Four Tops singles chronology
| "Standing in the Shadows of Love" (1966) | "Bernadette" (1967) | "7 Rooms of Gloom" (1967) |

= Bernadette (Four Tops song) =

"Bernadette" is a 1967 hit song recorded by the Four Tops for the Motown label. The song was written and composed by Holland–Dozier–Holland, Motown's main songwriting team, and produced by Brian Holland and Lamont Dozier.

Billboard described the song as a "hard-driving rocker" with an "outstanding performance by the group." Cash Box called the single a "pulsating Detroit lid underscored by that steady, danceable rhythm." The song reached #4 on the Billboard Hot 100, #8 on the Cash Box Top 100. On the R&B chart, "Bernadette" went to #3.. It also reached #8 in the UK and was a hit again in 1972, reaching #23.

The song is notable for its false ending, where the instruments drop out and the background singers hold a chord. Lead singer Levi Stubbs then shouts "Bernadette!" and the song resumes, ending in a fade-out.

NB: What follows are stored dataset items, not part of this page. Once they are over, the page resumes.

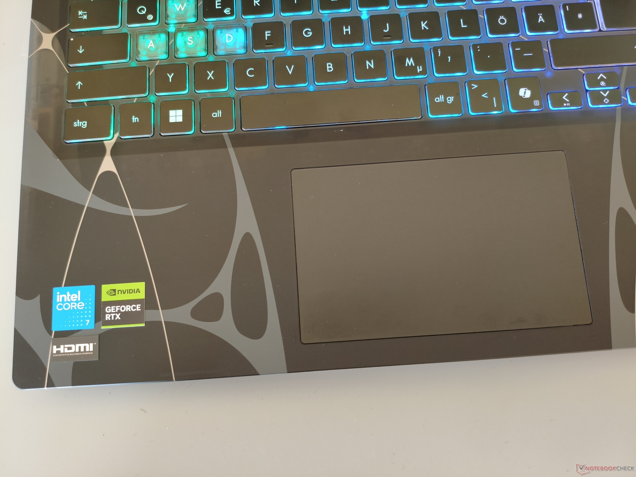 Het toetsenbord vereist enige gewenning vanwege de eigenzinnige lay-out die typisch is voor MSI. Het feit dat het numerieke toetsenbord maar drie in plaats van vier kolommen heeft, is ook even wennen. Wij zouden het typegevoel zelf als solide omschrijven. Gamers kunnen zich ook verheugen op relatief krachtige RGB-verlichting. Het touchpad meet 12 x 7,6 cm (~4,7 x 3,0 in), wat meer dan voldoende is voor een 15-inch apparaat. De muisvervanger presteert in de test op een bevredigend niveau wat betreft precisie, glij-eigenschappen en gebaren.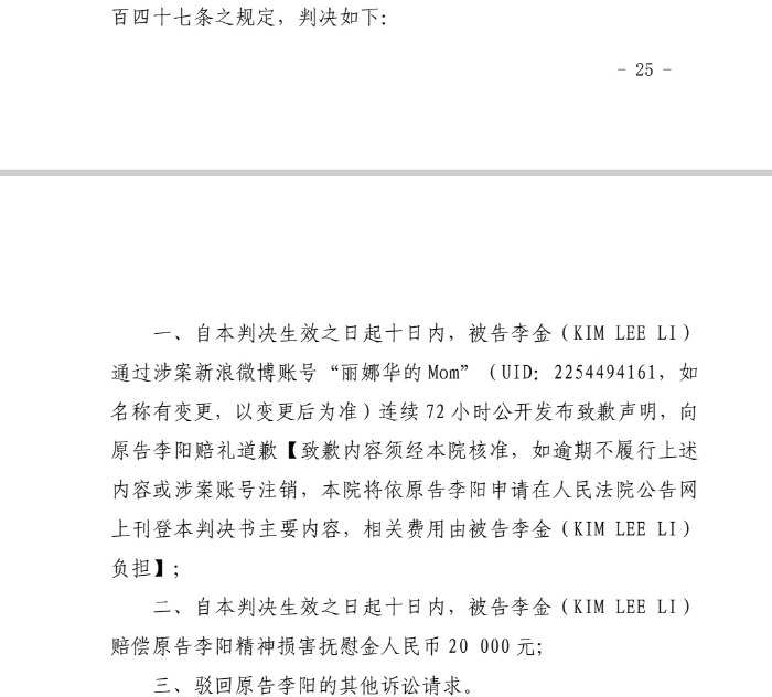 最终,法院判决,被告李金通过涉案微博账号“丽娜华的Mom”连续72小时公开发布致歉声明,向原告李阳赔礼道歉,并赔偿李阳精神损害抚慰金人民币20000元。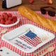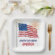 American flag with "Happy Birthday America" text and gold fireworks on white.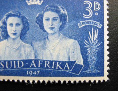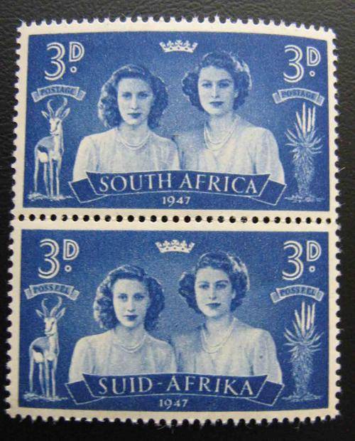 1947 Union of South Africa 3d pair with "stain on blouse" flaw.

Critic Maury Dean described the effectiveness of Stubb's shout of "Bernadette!" as being the key ingredient in getting listeners to buy the record, even if Bernadette herself may not have heard him.

AllMusic critic John Bush calls it "dramatic" and "impassioned."

==Personnel==
- Lead vocals by Levi Stubbs
- Background vocals by Abdul "Duke" Fakir, Renaldo "Obie" Benson, Lawrence Payton, and the Andantes: Jackie Hicks, Marlene Barrow, and Louvain Demps
- Instrumentation by the Funk Brothers
- Written and composed by Brian Holland, Lamont Dozier, and Edward Holland, Jr.